Work request: What you produce should match the records below precisely, except that images are removed.

Dataset entries:
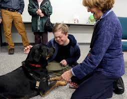 She said when Cayden is having a meltdown, the dogs go right over to him and comfort him. She said the dogs help him have more focus, responsibility and independence.
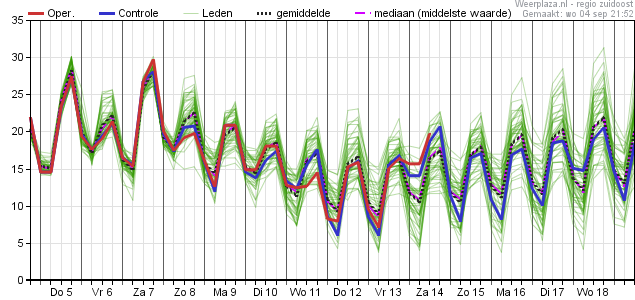 En of de herfst invalt daarna? Ik betwijfel het. Denk dat we nog wel wat zomerse dagen bij gaan komen tot 20 oktober. Signalen op ULT zijn er duidelijk voor. Maja, wat is de pluim nog waard als ze niet eens een paar dagen vooruit kunnen voorspellen? Zwabberen is wel het codewoord van de modellen deze periode. De ene keer zwabbert het de warme en zonnige kant uit, de andere keer de sombere en wisselvallige.
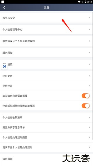 3、在设置中选择账号与安全;
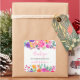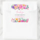 Um adesivo de agradecimento com este agradecimento de chuva de noiva em água-viva floral brilhante e rosa ousado com flores cor-de-rosa pintadas à mão, vermelhas, roxas, laranja e folhagens verdes folhas de eucalipto e folhagem verde com uma fonte de pincel moderno
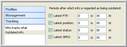 When the information is outdated, the data of the ticked check boxes will be displayed in red in the "Vehicle follow-up" window and the out-of-date status indicator

Problem solution:
 She said when Cayden is having a meltdown, the dogs go right over to him and comfort him. She said the dogs help him have more focus, responsibility and independence.
 En of de herfst invalt daarna? Ik betwijfel het. Denk dat we nog wel wat zomerse dagen bij gaan komen tot 20 oktober. Signalen op ULT zijn er duidelijk voor. Maja, wat is de pluim nog waard als ze niet eens een paar dagen vooruit kunnen voorspellen? Zwabberen is wel het codewoord van de modellen deze periode. De ene keer zwabbert het de warme en zonnige kant uit, de andere keer de sombere en wisselvallige.
 3、在设置中选择账号与安全;
 Um adesivo de agradecimento com este agradecimento de chuva de noiva em água-viva floral brilhante e rosa ousado com flores cor-de-rosa pintadas à mão, vermelhas, roxas, laranja e folhagens verdes folhas de eucalipto e folhagem verde com uma fonte de pincel moderno
 When the information is outdated, the data of the ticked check boxes will be displayed in red in the "Vehicle follow-up" window and the out-of-date status indicator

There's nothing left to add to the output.